U-Net is a convolutional neural network that was developed for biomedical image segmentation at the Computer Science Department of the University of Freiburg. The network is based on the fully convolutional network and its architecture was modified and extended to work with fewer training images and to yield more precise segmentations. Segmentation of a 512 × 512 image takes less than a second on a modern GPU.

Description
The U-Net architecture stems from the so-called “fully convolutional network” first proposed by Long, Shelhamer, and Darrell.

The main idea is to supplement a usual contracting network by successive layers, where pooling operations are replaced by upsampling operators. Hence these layers increase the resolution of the output. A successive convolutional layer can then learn to assemble a precise output based on this information.

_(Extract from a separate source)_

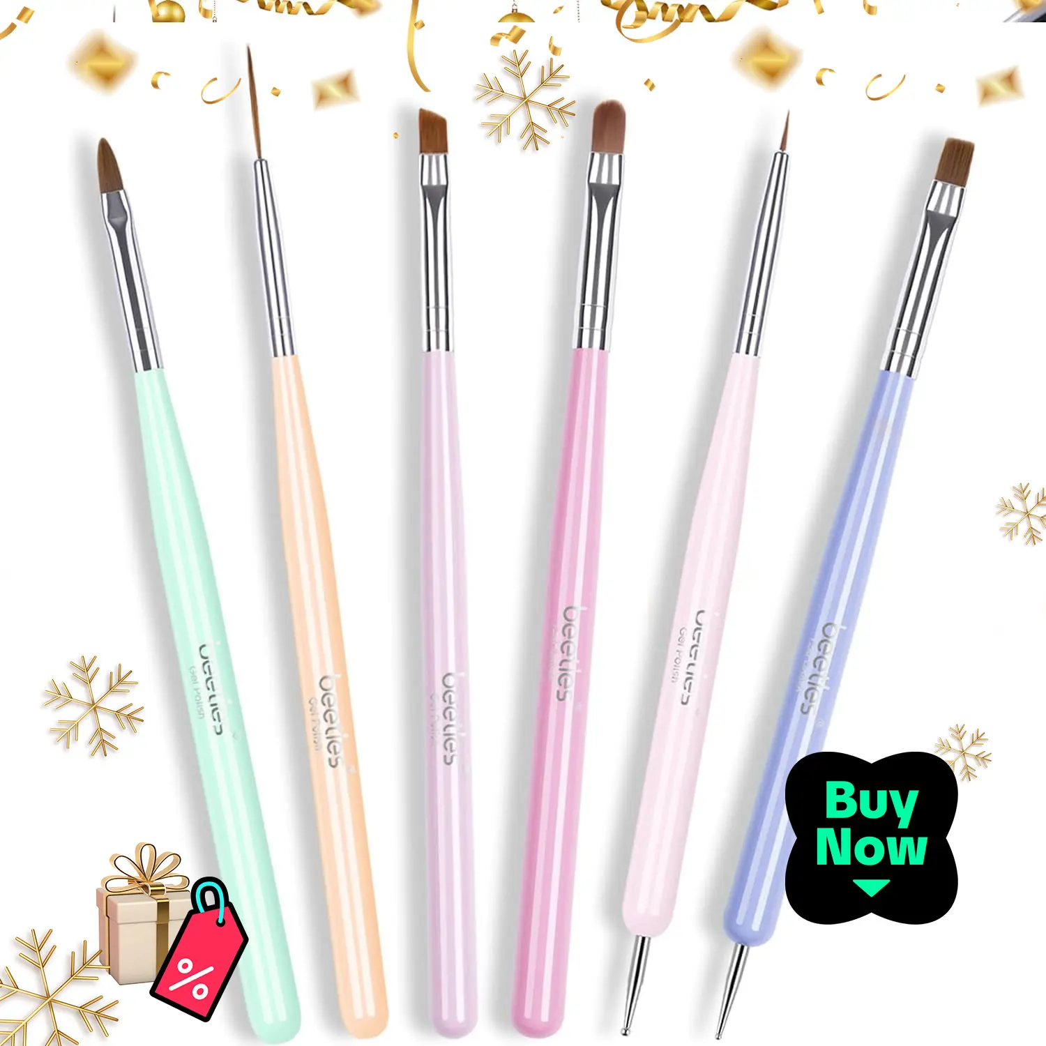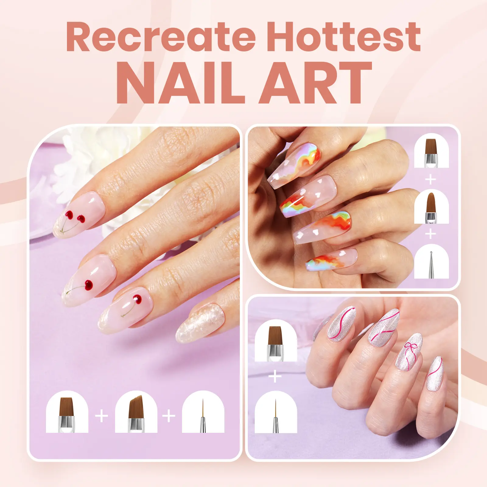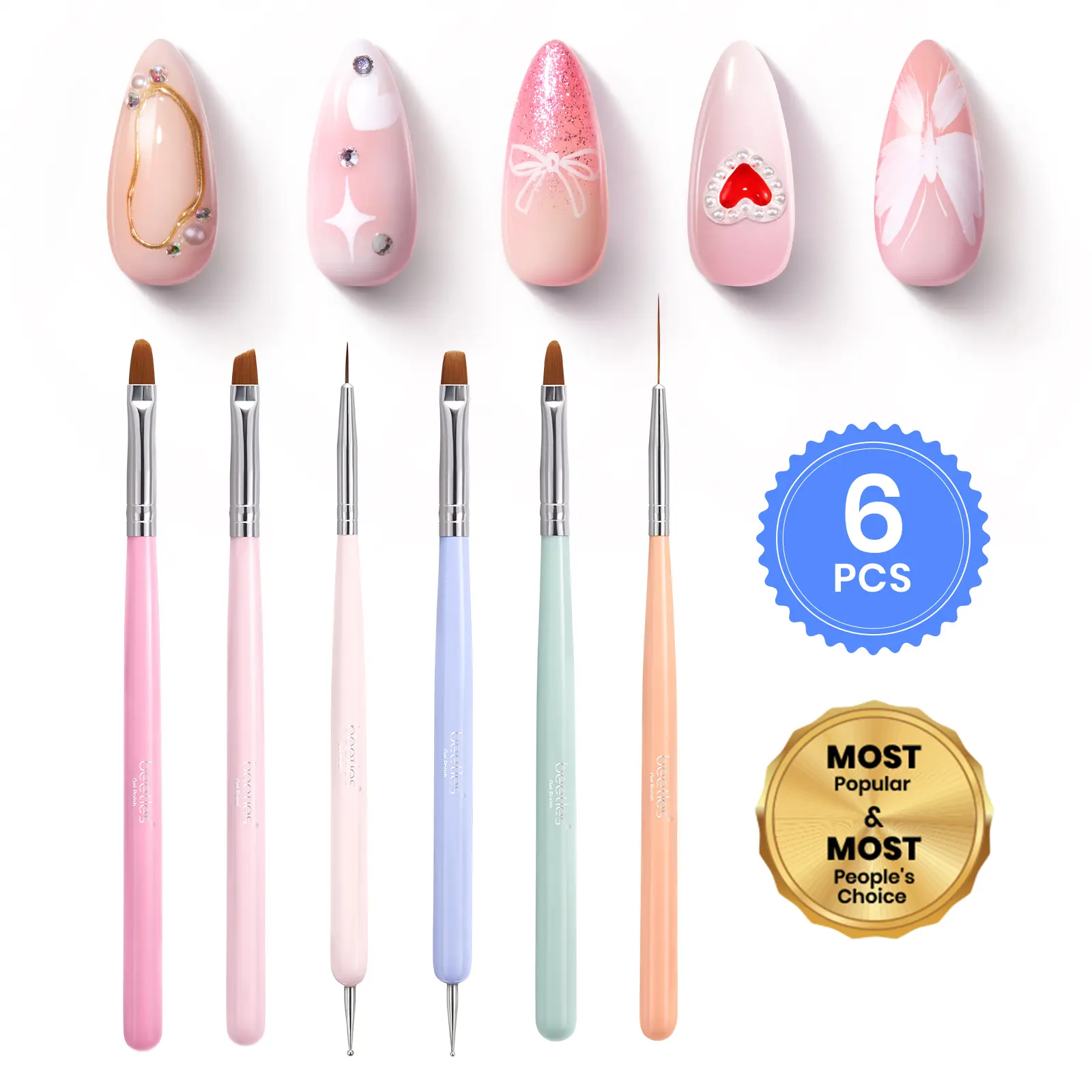 Bundle Set 6 Pack: Professional nail brushes come with 6 different nail design pens, including nail extension gel brush, builder nail gel brush, nail carved pen, nail art liner brush, and nail dotting pen. They will give you beautiful nails right at home.

One important modification in U-Net is that there are a large number of feature channels in the upsampling part, which allow the network to propagate context information to higher resolution layers. As a consequence, the expansive path is more or less symmetric to the contracting part, and yields a u-shaped architecture. The network only uses the valid part of each convolution without any fully connected layers. To predict the pixels in the border region of the image, the missing context is extrapolated by mirroring the input image. This tiling strategy is important to apply the network to large images, since otherwise the resolution would be limited by the GPU memory.

History
U-Net was created by Olaf Ronneberger, Philipp Fischer, Thomas Brox in 2015 and reported in the paper “U-Net: Convolutional Networks for Biomedical Image Segmentation”. It's an improvement and development of FCN: Evan Shelhamer, Jonathan Long, Trevor Darrell (2014). "Fully convolutional networks for semantic segmentation".

Network architecture
The network consists of a contracting path and an expansive path, which gives it the u-shaped architecture. The contracting path is a typical convolutional network that consists of repeated application of convolutions, each followed by a rectified linear unit (ReLU) and a max pooling operation. During the contraction, the spatial information is reduced while feature information is increased. The expansive pathway combines the feature and spatial information through a sequence of up-convolutions and concatenations with high-resolution features from the contracting path.

Applications
There are many applications of U-Net in biomedical image segmentation, such as brain image segmentation (''BRATS'') and liver image segmentation ("siliver07") as well as protein binding site prediction. Variations of the U-Net have also been applied for medical image reconstruction. Here are some variants and applications of U-Net as follows:

 Pixel-wise regression using U-Net and its application on pansharpening;
 3D U-Net: Learning Dense Volumetric Segmentation from Sparse Annotation;
 TernausNet: U-Net with VGG11 Encoder Pre-Trained on ImageNet for Image Segmentation.
 Image-to-image translation to estimate fluorescent stains 
In binding site prediction of protein structure.

Implementations
jakeret (2017): "Tensorflow Unet"

U-Net source code from Pattern Recognition and Image Processing at Computer Science Department of the University of Freiburg, Germany.